In many applications, the data come in as a continuous stream. For example, we might make a prediction every day for tomorrow’s weather. After predicting tomorrow’s weather, we observe the true label before making a prediction for the-day-after-tomorrow’s weather. Torchuq supports this mode of prediction as well.

To make online predictions, the only new function you will need to know is calibrator.update(predictions, labels). This functions works almost identically as calibrator.train except it keeps the previous validation data, while calibrator.train removes all validation data and starts anew. The following example shows how to make online predictions.

calibrator = ConformalIntervalPredictor(input_type='quantile', coverage='exact')

val_preds = reader['predictions_quantile'][:50]
val_labels = reader['labels'][:50]   # Load the true label (i.e. the ground truth housing prices)

def simulate_online(calibrator):
    # There needs to be at least 1 data point before making any prediction
    calibrator.train(val_preds[0:1], val_labels[0:1])

    prediction_history = []
    for t in range(1, 50):
        test_interval_t = calibrator(val_preds[t:t+1], confidence=0.9)  # Make a prediction for the new time step
        calibrator.update(val_preds[t:t+1], val_labels[t:t+1])   # Update the calibrator based on the observed label

        prediction_history.append(test_interval_t)

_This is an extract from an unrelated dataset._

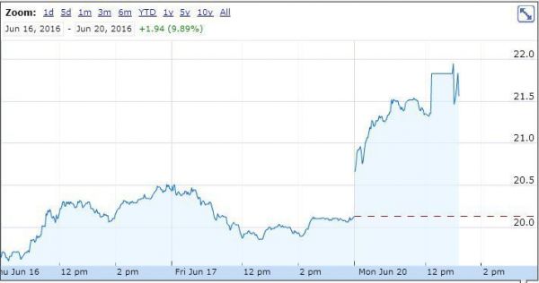 消息公布之后,京東股價(jià)漲幅一度達(dá)到 8.4%

    # Concat the interval predictions for plotting
    prediction_history = torch.cat(prediction_history)
    return prediction_history

prediction_history = simulate_online(calibrator)
interval.plot_interval_sequence(prediction_history, val_labels[1:50])
../../_images/output_12_01.png

Notably initially when there are very few observed data points, the intervals are very large. This is because we selected coverage='exact'. If we do not require exact coverage then the interval sizes can be much smaller.

calibrator = ConformalIntervalPredictor(input_type='quantile', coverage='1/N')

prediction_history = simulate_online(calibrator)
interval.plot_interval_sequence(prediction_history, val_labels[1:50])
../../_images/output_14_01.png

In fact, torchuq supports even more general prediction problems. For example, we might make a prediction for the weather 7 days from today. We will only observe the true label after 7 predictions. This is often called online learning with delayed feedback. This can be achieved by calling the calibrator.update function when the feedback arrives.